Written by Simon Stone, this radical new version of Federico García Lorca’s achingly powerful masterpiece of yearning and loss won universal critical acclaim when it premiered at the Young Vic in 2016. “Yerma” triumphed at the 2017 Olivier Awards, with the production winning Best Revival, and Piper winning Best Actress. She also won the Evening Standard Natasha Richardson Award for Best Actress. Maureen Beattie, Brendan Cowell, John MacMillan, and Charlotte Randle received unanimous praise for their performances.
“Yerma” by the Spanish dramatist Federico García Lorca was written in 1934 and first performed that same year. García Lorca describes the play as “a tragic poem”. The play tells the story of a childless woman living in rural Spain. Her desperate desire for motherhood becomes an obsession that eventually drives her to commit a horrific crime.
The original play was intended to be a story of the earth, nature, fertility, and the impact that failed pregnancies have on a working-class, young Spanish couple in the 1930s. In the final moments of the play, the female lead named Yerma (the translation of barren) kills her husband in a burst of frustration.

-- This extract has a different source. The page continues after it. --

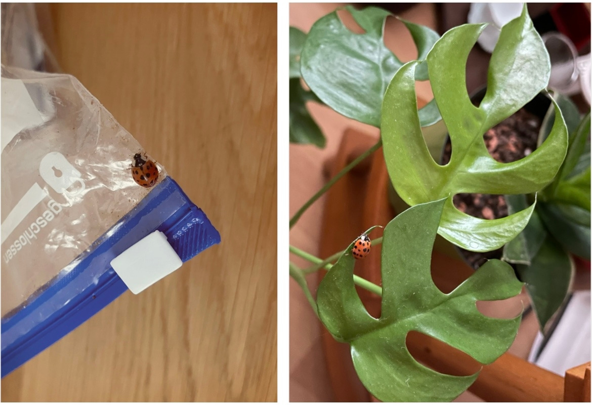 이렇게 꾸준히 물을 챙기고, 흙을 살펴보고, 햇볕과 바람을 확인하는 하루 일과에 더해 한 달에 한두 번씩 님오일을 뿌려주고 말리는 것까지 식물 집사로서의 일과가 늘어났지만 어떻게 보면 벌레는 싫지만 식물은 키우고 싶은 내 바람의 절충안을 찾은 것도 같다. 정확히 말하자면 이제는 그냥 벌레가 아닌 해충은 싫고 익충은 고맙다. 그래서 아주 추운 눈이 내리던 날 갑자기 찾아온 무당벌레 여사를 따뜻하게 우리 집 식물 보금처 위에 올려다 주었다.

However, in Simon Stone’s 2017 adaptation, the play focuses on the story of a middle-class couple from the evening they move into their new house in London. The female lead that remains unnamed throughout the whole performance, played by Billie Piper, expresses to her boyfriend her desire to have a child. Both characters are in the middle of extremely successful and stable careers, and John (played by Brenden Cowell) agrees.
Over the course of the next few months, John’s efforts to have a child become less committed. As a result of the travelling provided by his work and his girlfriend’s growing obsession to have a child, John turns to alcohol, eventually contributing to him cheating on Billie Piper’s character. The years pass, and the obsession becomes stronger and far more deeply rooted, which the actress expresses in her character’s online blog, a forum attracting many readers each day.
The couple gets married and turns to IVF, which they eventually spend a quarter of a million pounds on, ruining both lead characters' lives. The honesty with which the female lead writes creates a strain on their marriage and her relationship with her mother and sister.
Her blog reveals that she was satisfied when her sister had a miscarriage. In addition, she states that she had developed a loathing for other people’s children. Consequently, in the dying moments of Stone’s play, John informs her that they are sixty thousand pounds in debt and that he is leaving her. Billie Piper’s character finds a knife and threatens to stab him before he escapes and kills herself with a stab to the womb. A symbolic ending.